**WHAT YOU WILL DO**:
Range to repeat from the listing below: the line containing "Сотрудники, ответственные за" down to the line containing "Terazzo Carrara 0/25", both included. Copy it exactly, pictures excluded, and add nothing else.

**DATA FOR THIS TASK**:
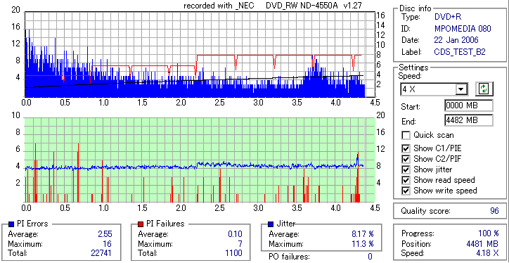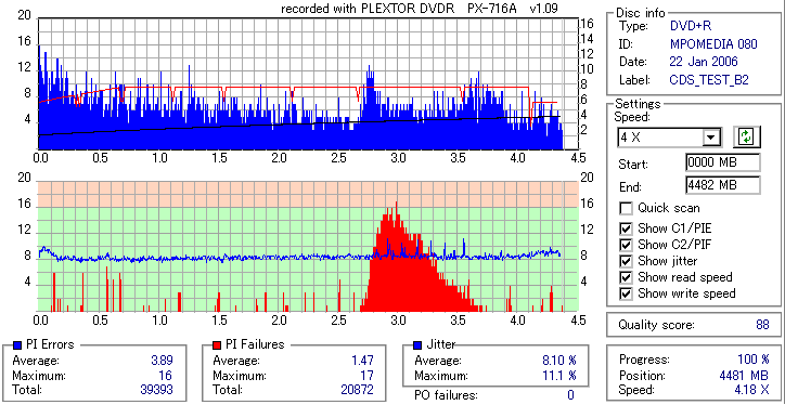 ヨーロッパのメディアの中でも品質的に特に抜けており、IDに対応しているドライブであればどれも素晴らしい結果になっています。 惜しむらくはそのIDの普及がいまいちなので、対応していないドライブが多いこと。LGやTEACの非対応は痛いです。 ともあれ、もの自体は非常に良いものですので、もし何かのはずみで手に入ったら大事に使ってやりましょう。 |
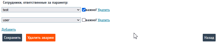 Сотрудники, ответственные за параметр - в поле указывается конкретный сотрудник предприятия, ответственный за эксплуатацию данного параметра на конкретном объекте. О том как добавлять ответственного описано в разделе Информирование об аварии или событии данного руководства.
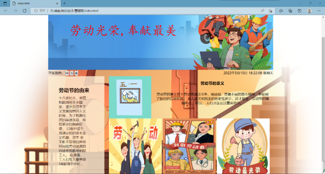 劳动其实可以分为很多种类型,相较于体力劳动,脑力劳动也是我们日常生活中必不可少的工作。借劳动教育宣传周活动为契机,开展一次《五一“劳动最光荣”静态网页设计》活动竞赛,可以让同学们积极运转大脑,消化一下所学到的知识,并应用到实际中来。部分作品展示如下:
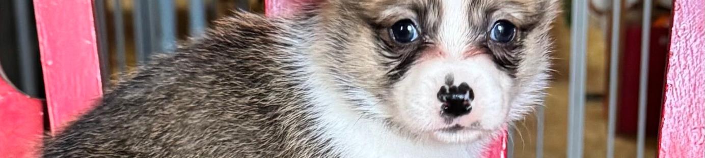 Our Cardigan Welsh Corgi puppies include blue merle and white and black and white. American Corgi puppies include black and white and blue merle and white. Pembroke Welsh Corgi puppies include red, sable, white and black, white and red, blue, and black and tan. Colors will vary depending on the parent dogs.
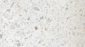 Terazzo Carrara 0/25 är en konstgjord sten, som innehåller flisor av vit marmor (Bianco Carrara C) med en storlek av 0-25 mm.
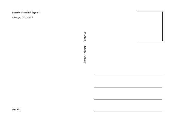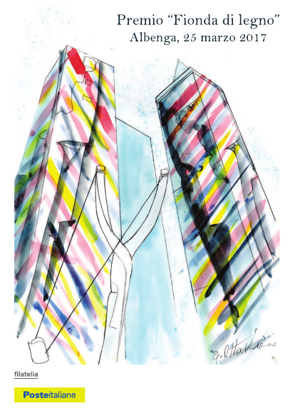 Il Premio Fionda di legno riceve nel frattempo un importante riconoscimento grazie a Poste Italiane e al dottor Pietro La Bruna, responsabile nazionale del settore filatelia. Infatti in occasione del decennale del Premio (2007 – 2017) Poste Italiane ha pubblicato una speciale cartolina dedicata ad Albenga città delle torri e della fionda. Il bozzetto originale, opera del Maestro Giuliano Ottaviani, vede in primo piano la fionda dei fieui di caruggi e sullo sfondo le inconfondibili torri ingaune. Poste Italiane ha inoltre concesso un particolare annullo filatelico celebrativo e sabato 25 marzo, in occasione della consegna del premio Fionda 2017 al teatro Ambra, sarà allestito in largo Doria un apposito stand per chi vorrà un ricordo particolare della giornata.

**RESULT OF THIS TASK**:
 Сотрудники, ответственные за параметр - в поле указывается конкретный сотрудник предприятия, ответственный за эксплуатацию данного параметра на конкретном объекте. О том как добавлять ответственного описано в разделе Информирование об аварии или событии данного руководства.
 劳动其实可以分为很多种类型,相较于体力劳动,脑力劳动也是我们日常生活中必不可少的工作。借劳动教育宣传周活动为契机,开展一次《五一“劳动最光荣”静态网页设计》活动竞赛,可以让同学们积极运转大脑,消化一下所学到的知识,并应用到实际中来。部分作品展示如下:
 Our Cardigan Welsh Corgi puppies include blue merle and white and black and white. American Corgi puppies include black and white and blue merle and white. Pembroke Welsh Corgi puppies include red, sable, white and black, white and red, blue, and black and tan. Colors will vary depending on the parent dogs.
 Terazzo Carrara 0/25 är en konstgjord sten, som innehåller flisor av vit marmor (Bianco Carrara C) med en storlek av 0-25 mm.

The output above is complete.